§ **WHAT IS REQUIRED**
Repeat verbatim each line from the line with "8月24日,尖草坪区向阳镇南翟村,大片西梅进入成熟采摘期,市民穿梭林间,体验采摘的乐趣。 邓寅明 摄" to the end of the entries. Pictures do not belong in the copy.
*** RECORDS FOR THE TASK ***
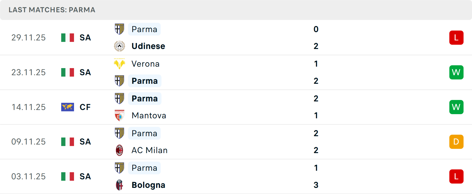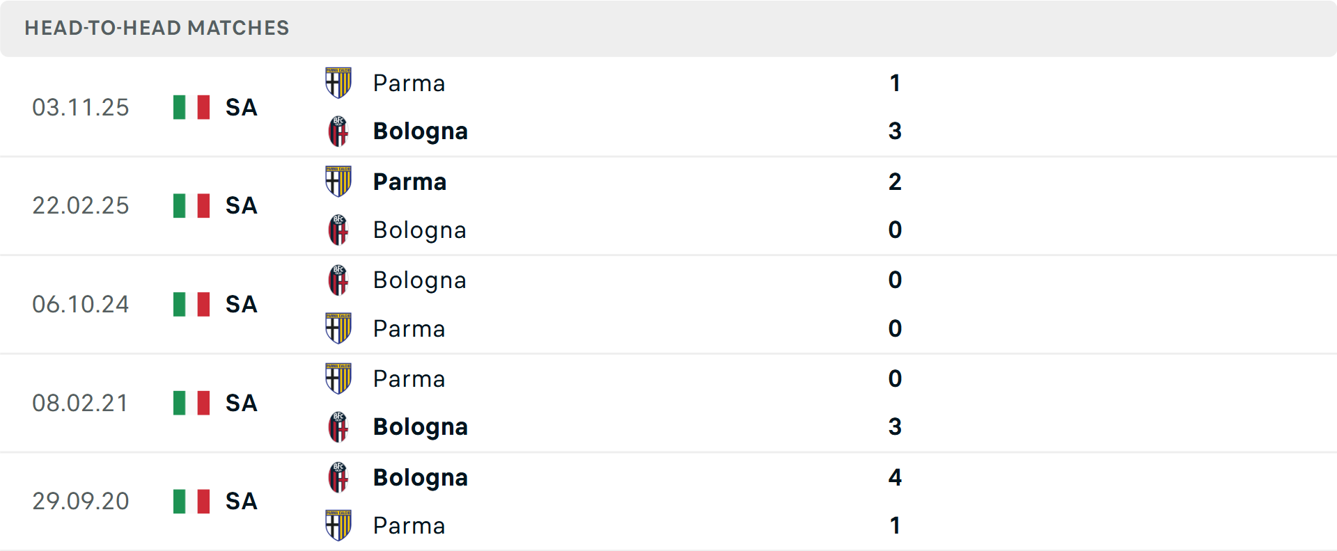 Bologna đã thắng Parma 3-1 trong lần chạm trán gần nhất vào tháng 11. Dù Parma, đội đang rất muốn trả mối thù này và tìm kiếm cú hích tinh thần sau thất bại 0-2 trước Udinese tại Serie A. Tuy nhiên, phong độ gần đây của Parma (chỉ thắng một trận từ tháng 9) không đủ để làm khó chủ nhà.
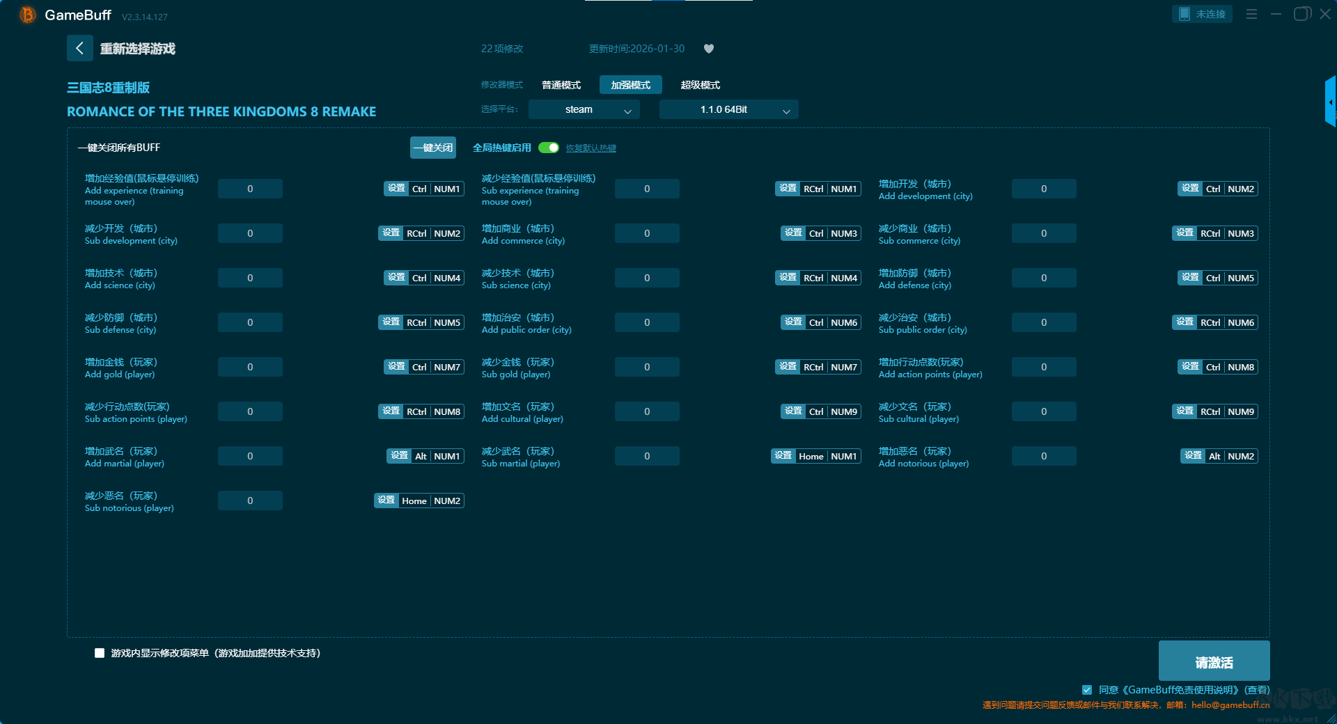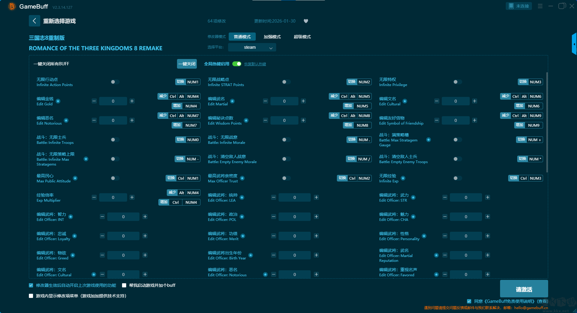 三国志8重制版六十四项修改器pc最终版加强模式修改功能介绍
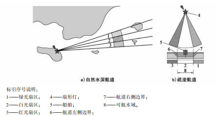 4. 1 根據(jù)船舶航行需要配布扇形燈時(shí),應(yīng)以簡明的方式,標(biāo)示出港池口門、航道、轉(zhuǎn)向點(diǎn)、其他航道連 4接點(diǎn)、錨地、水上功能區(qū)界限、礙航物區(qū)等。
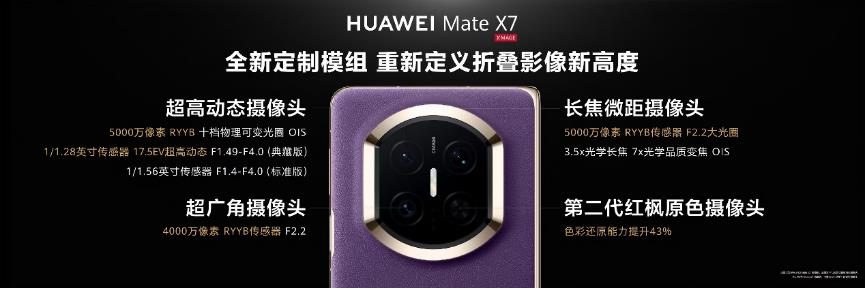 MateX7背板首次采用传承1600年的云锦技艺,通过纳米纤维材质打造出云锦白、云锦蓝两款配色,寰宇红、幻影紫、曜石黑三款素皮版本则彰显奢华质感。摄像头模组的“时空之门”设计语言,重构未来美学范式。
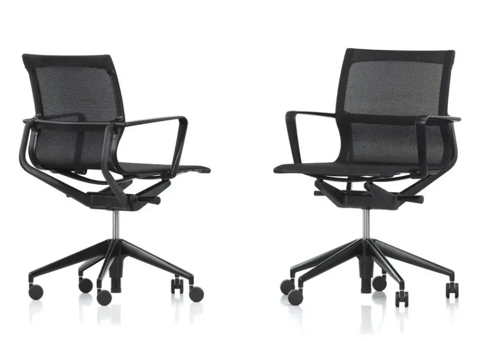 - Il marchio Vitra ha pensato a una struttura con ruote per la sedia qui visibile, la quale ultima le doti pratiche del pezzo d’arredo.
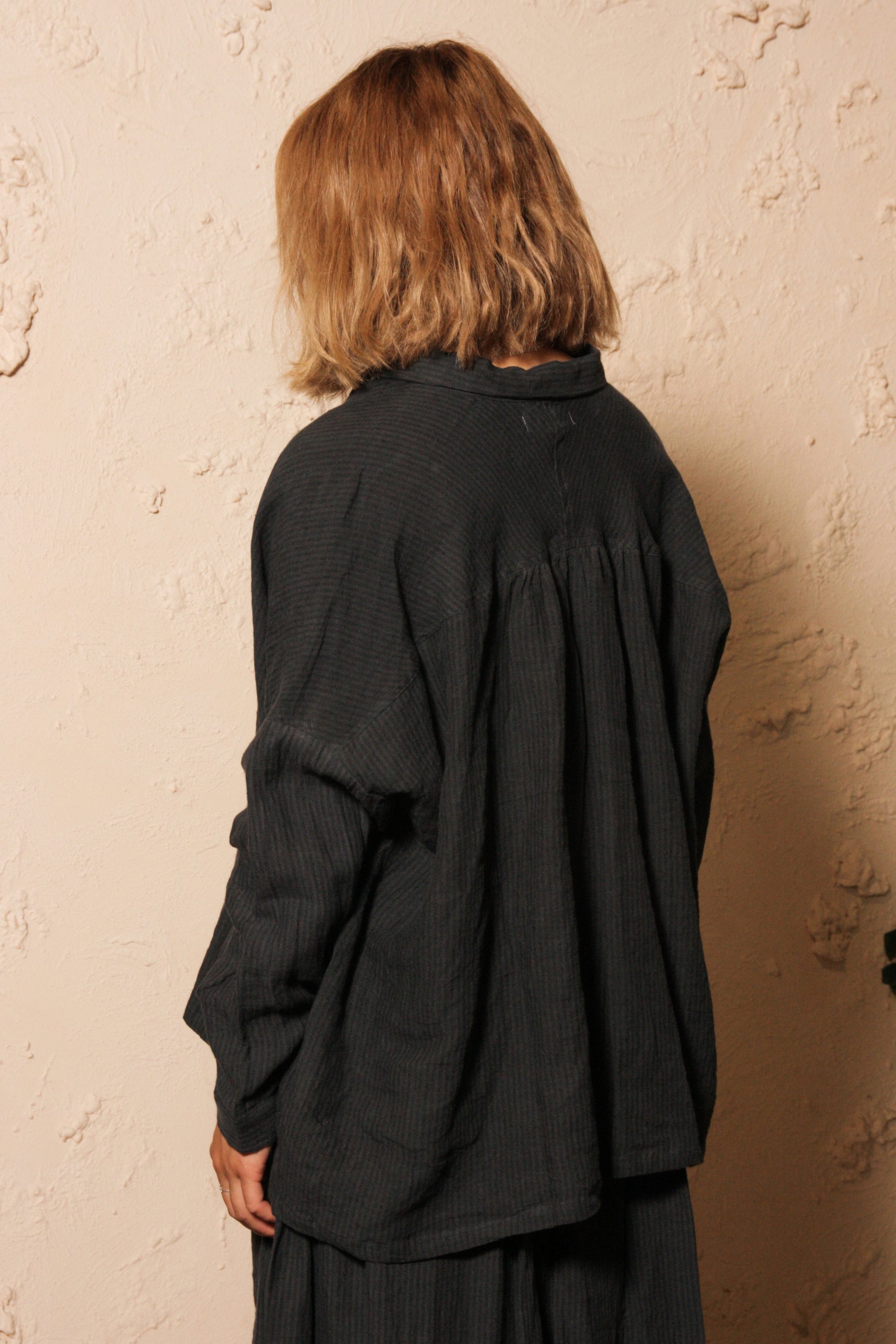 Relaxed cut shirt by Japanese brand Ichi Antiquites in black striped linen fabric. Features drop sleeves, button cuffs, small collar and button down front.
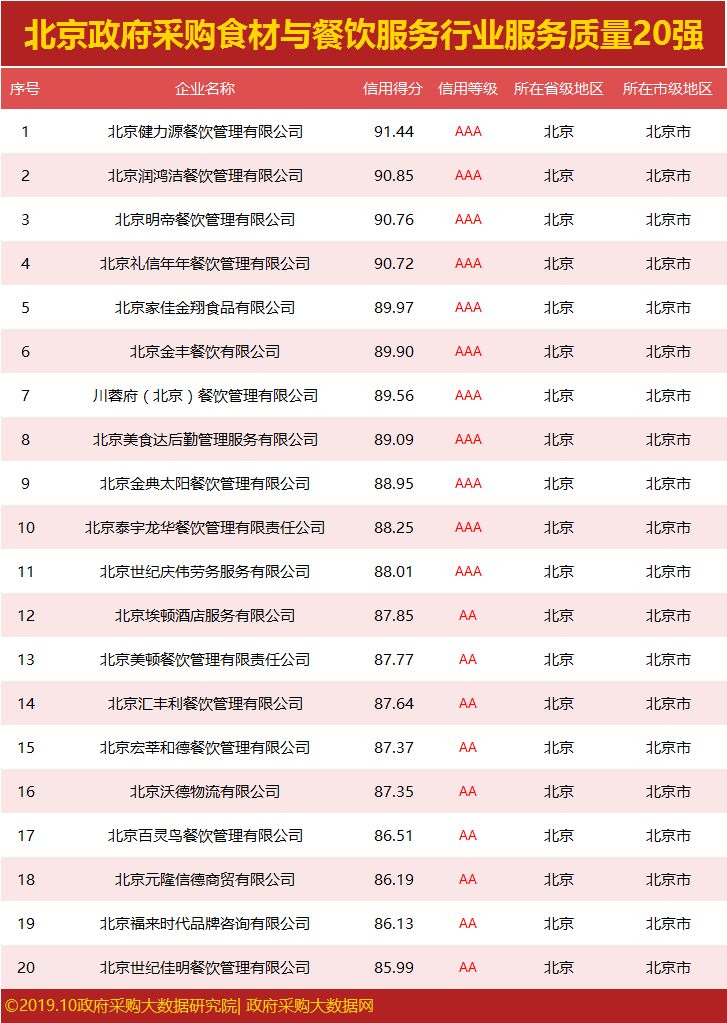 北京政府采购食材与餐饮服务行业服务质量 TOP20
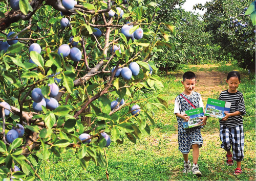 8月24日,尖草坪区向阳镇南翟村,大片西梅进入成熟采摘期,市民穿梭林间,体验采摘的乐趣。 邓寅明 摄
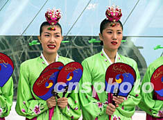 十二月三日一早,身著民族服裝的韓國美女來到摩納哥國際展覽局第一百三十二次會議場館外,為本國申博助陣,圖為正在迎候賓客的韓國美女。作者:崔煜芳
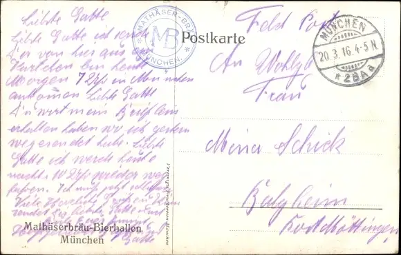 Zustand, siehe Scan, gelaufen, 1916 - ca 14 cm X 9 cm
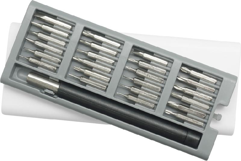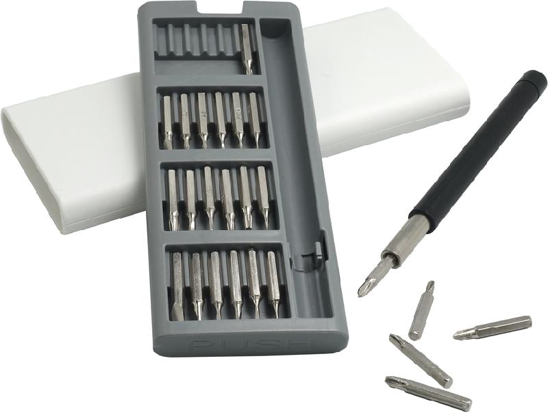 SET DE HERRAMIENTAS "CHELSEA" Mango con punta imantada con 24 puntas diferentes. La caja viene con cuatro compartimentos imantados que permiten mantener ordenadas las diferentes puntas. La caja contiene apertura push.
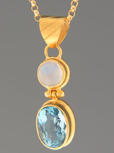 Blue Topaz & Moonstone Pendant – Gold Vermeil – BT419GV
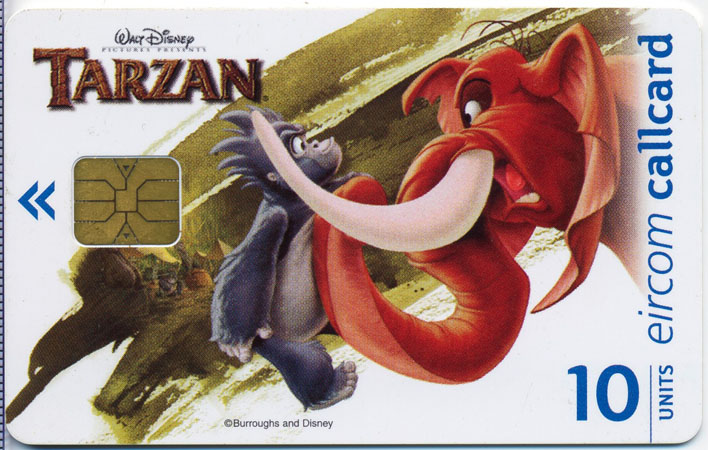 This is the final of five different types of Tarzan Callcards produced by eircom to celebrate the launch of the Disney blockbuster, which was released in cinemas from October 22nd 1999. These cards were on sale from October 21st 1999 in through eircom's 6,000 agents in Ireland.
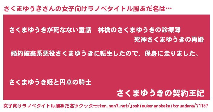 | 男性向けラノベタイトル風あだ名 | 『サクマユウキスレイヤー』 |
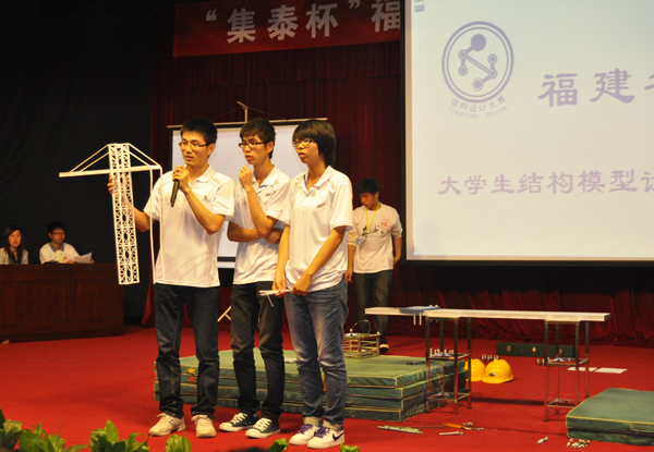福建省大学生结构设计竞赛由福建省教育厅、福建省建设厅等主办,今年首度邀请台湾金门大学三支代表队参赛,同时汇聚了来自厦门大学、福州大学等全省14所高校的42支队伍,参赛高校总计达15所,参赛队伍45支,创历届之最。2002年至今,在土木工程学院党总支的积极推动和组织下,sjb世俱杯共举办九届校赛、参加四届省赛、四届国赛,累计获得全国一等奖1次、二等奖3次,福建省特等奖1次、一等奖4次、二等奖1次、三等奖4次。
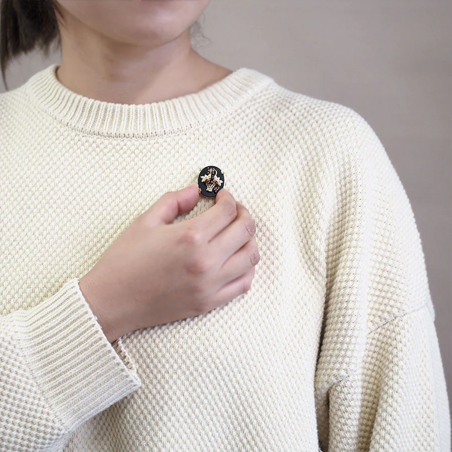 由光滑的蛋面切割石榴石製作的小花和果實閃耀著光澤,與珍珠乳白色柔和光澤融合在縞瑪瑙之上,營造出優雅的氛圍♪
*** End of RECORDS FOR THE TASK ***
§ **SOLUTION BELOW**
 8月24日,尖草坪区向阳镇南翟村,大片西梅进入成熟采摘期,市民穿梭林间,体验采摘的乐趣。 邓寅明 摄
 十二月三日一早,身著民族服裝的韓國美女來到摩納哥國際展覽局第一百三十二次會議場館外,為本國申博助陣,圖為正在迎候賓客的韓國美女。作者:崔煜芳
 Zustand, siehe Scan, gelaufen, 1916 - ca 14 cm X 9 cm
 SET DE HERRAMIENTAS "CHELSEA" Mango con punta imantada con 24 puntas diferentes. La caja viene con cuatro compartimentos imantados que permiten mantener ordenadas las diferentes puntas. La caja contiene apertura push.
 Blue Topaz & Moonstone Pendant – Gold Vermeil – BT419GV
 This is the final of five different types of Tarzan Callcards produced by eircom to celebrate the launch of the Disney blockbuster, which was released in cinemas from October 22nd 1999. These cards were on sale from October 21st 1999 in through eircom's 6,000 agents in Ireland.
 | 男性向けラノベタイトル風あだ名 | 『サクマユウキスレイヤー』 |
福建省大学生结构设计竞赛由福建省教育厅、福建省建设厅等主办,今年首度邀请台湾金门大学三支代表队参赛,同时汇聚了来自厦门大学、福州大学等全省14所高校的42支队伍,参赛高校总计达15所,参赛队伍45支,创历届之最。2002年至今,在土木工程学院党总支的积极推动和组织下,sjb世俱杯共举办九届校赛、参加四届省赛、四届国赛,累计获得全国一等奖1次、二等奖3次,福建省特等奖1次、一等奖4次、二等奖1次、三等奖4次。
 由光滑的蛋面切割石榴石製作的小花和果實閃耀著光澤,與珍珠乳白色柔和光澤融合在縞瑪瑙之上,營造出優雅的氛圍♪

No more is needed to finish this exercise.